Since the resource stickiness is 2000, resources would only move if
the `ping` RA failed completely and the host was totally cut off from
the IB network.

However, we have had a case last night of resources moving back and
forth between two storage nodes; the only trace left in the logs is
that `ping` failed everywhere, and some trouble reports from Corosync
(which we cannot explain and could be the real cause)::

    May 28 00:29:19 lustre-mds1 ping(ping)[8147]: ERROR: Unexpected
result for 'ping -n -q -W 5 -c 3  iblustre-mds1' 2: ping: unknown host
iblustre-mds1
    May 28 00:29:22 lustre-mds1 corosync[23879]:   [TOTEM ]
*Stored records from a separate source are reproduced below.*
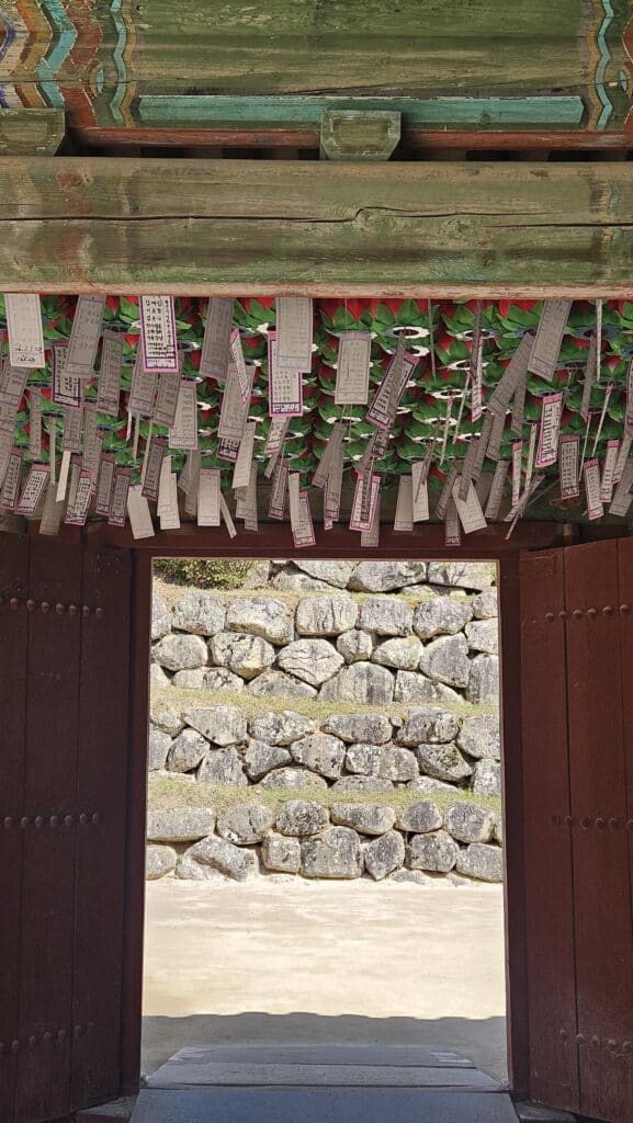 불국사 곳곳에 각자의 소망을 담은 연등이 걸려있다.
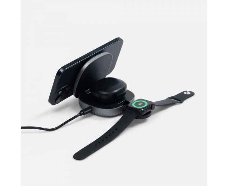 Зарядная станция совместима со всеми смартфонами, поддерживающими технологию беспроводной зарядки Qi. Также предусмотрено место для зарядки часов Apple Watch и наушников. Зарядка начнется автоматически при размещении устройств на индукционной площадке.
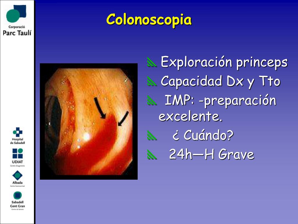 Colonoscopia • Exploración princeps • Capacidad Dx y Tto • IMP: -preparación excelente. • ¿ Cuándo? • 24h—H Grave
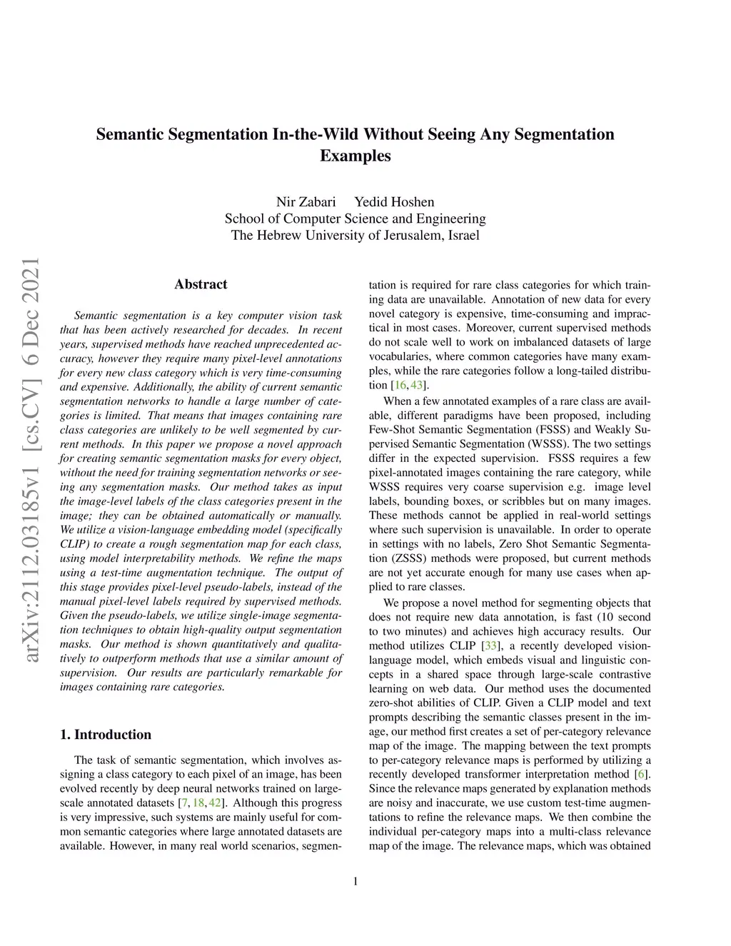 Semantic segmentation is a key computer vision task that has been actively researched for decades. In recent years, supervised methods have reached unprecedented accuracy, however they require many pixel-level annotations for every new class category which is very time-consuming and expensive. Additionally, the ability of current semantic segmentation networks to handle a large number of categories is limited. That means that images containing rare class categories are unlikely to be well segmented by current methods. In this paper we propose a novel approach for creating semantic segmentation masks for every object, without the need for training segmentation networks or seeing any segmentation masks. Our method takes as input the image-level labels of the class categories present in the image; they can be obtained automatically or manually. We utilize a vision-language embedding model (specifically CLIP) to create a rough segmentation map for each class, using model interpretability methods. We refine the maps using a test-time augmentation technique. The output of this stage provides pixel-level pseudo-labels, instead of the manual pixel-level labels required by supervised methods. Given the pseudo-labels, we utilize single-image segmentation techniques to obtain high-quality output segmentation masks. Our method is shown quantitatively and qualitatively to outperform methods that use a similar amount of supervision. Our results are particularly remarkable for images containing rare categories.

Incrementing problem counter for seqid 11125389 i
    face 10.129.93.10 to [9 of 10]
    May 28 00:29:25 lustre-mds1 corosync[23879]:   [TOTEM ]
Incrementing problem counter for seqid 11126239 i
    face 10.129.93.10 to [10 of 10]
    May 28 00:29:25 lustre-mds1 corosync[23879]:   [TOTEM ] Marking
seqid 11126239 ringid 0 interface 10.129.
    93.10 FAULTY
    May 28 00:29:26 lustre-mds1 corosync[23879]:   [TOTEM ]
Automatically recovered ring 0
    May 28 00:29:27 lustre-mds1 lrmd[23906]:  warning:
child_timeout_callback: ping_monitor_10000 process (PID 8147) timed
out
    May 28 00:29:27 lustre-mds1 lrmd[23906]:  warning:
operation_finished: ping_monitor_10000:8147 - timed out after 60000ms
    May 28 00:29:27 lustre-mds1 crmd[23909]:    error:
process_lrm_event: Operation ping_monitor_10000: Timed Out
(node=lustre-mds1.ften.es.hpcn.uzh.ch, call=267, timeout=60000ms)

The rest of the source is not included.